Dhaka, a ten thousand square kilometer city, having less than five percent green area with inconsistent
and unreliable infrastructure along with other persistent difficulties made
this city an urban mayhem. This “SouthWaterGarden”
apartment building though located at United
Nations Road, Baridhara diplomatic zone is not
much an exception in terms of green. But this particular site having a lake and
a narrow strip of green patch on the back side (west) of the plot is a fortune.

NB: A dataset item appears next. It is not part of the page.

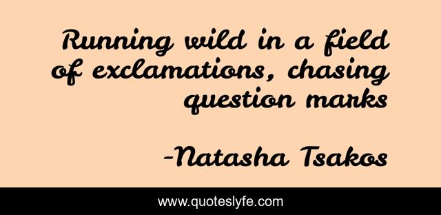 This page presents the quote "Running wild in a field of exclamations, chasing question marks". Author of this quote is Natasha Tsakos. This quote is about thinking, metaphor, curiosity, questioning,.

The deal between the landowner and developer was to divide the seven
thousand five hundred square feet plot in equal two pieces to construct two six
storied buildings of two thousand eight hundred square feet floor area each in
order to share equally.
In fact utilizing seventy five percent of the plot area as per rule was a
strong requirement from the clients put the design into a challenge in terms of
creating open green space. The design suggestion here was to take forty square
feet of small area from both the parties as good gesture, placing along with
eight feet gap of two buildings and five feet road set back as per rule in
order to create a two hundred square feet of only green patch in front of the
building on the east road. This arrangement also accompanying with no boundary
wall notion and little benches is a token of respect for the passer by and
community living around.
Basically these two buildings developed almost
similarly consisted of five apartments on ground floor as parking area. In plan,
the simple interior with required functional arrangements is connecting the
beautiful lake and large trees on the west, allowing the south east summer
breeze to go through the entire house with ample light round the day. The use
of exposed as cast structural beam and column exterior with terracotta brick in
fill is also a simple approach friendly to the subtropical climate of Dhaka.
The scheme also developed the two roof tops of the buildings as community
green with lawns and bushes around a small pavilion as a transformed
subtropical architectural vocabulary addressing the concern of “shortage of green space” in city.